Константин, его сын царевич Святослав и верховный воевода Вячеслав неспешно уселись в карету. Внутри ее было тепло – заботливый распорядитель с раннего утра приказал установить в ней жаровню с углями, которые меняли каждый час.
– Путешествие из Санкт-Петербурга в Рязань начинается, – весело констатировал Вячеслав.
– Прямо по Радищеву, – подтвердил Константин.

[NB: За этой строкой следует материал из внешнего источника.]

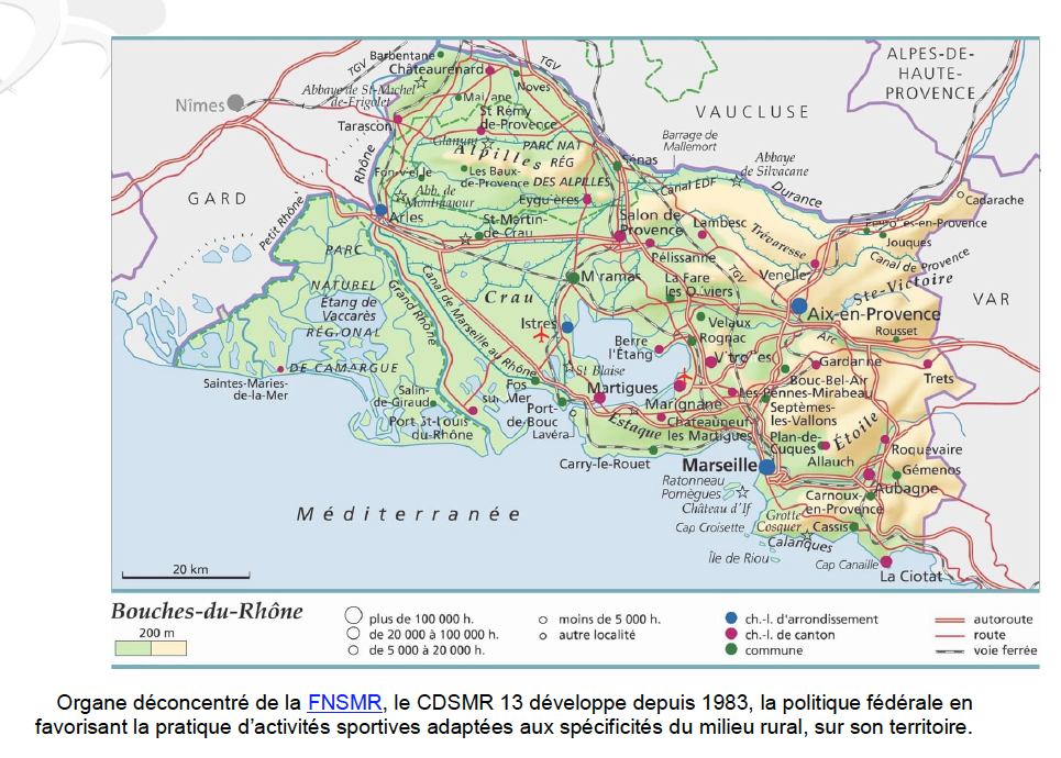 Organe déconcentré de la FNSMR, le CDSMR 13 développe depuis 1983, la politique fédérale en favorisant la pratique d’activités sportives adaptées aux spécificités du milieu rural, sur le territoire des Bouches du Rhône.

Он тоже был бодр и доволен – в первую очередь успехом переговоров, после которых можно было не бояться нападения с севера. Фактический правитель Швеции Биргер, правивший страной, от имени своего короля Эрика Шепелявого заверил, что он не только не помышляет о каких-либо враждебных действиях, но и напротив – всегда готов прийти на помощь государю Руси ежели что.
– А почему ты, батюшка, так решил назвать сей град? – осведомился Святослав.
Константин переглянулся с воеводой, и они, не сговариваясь, заулыбались.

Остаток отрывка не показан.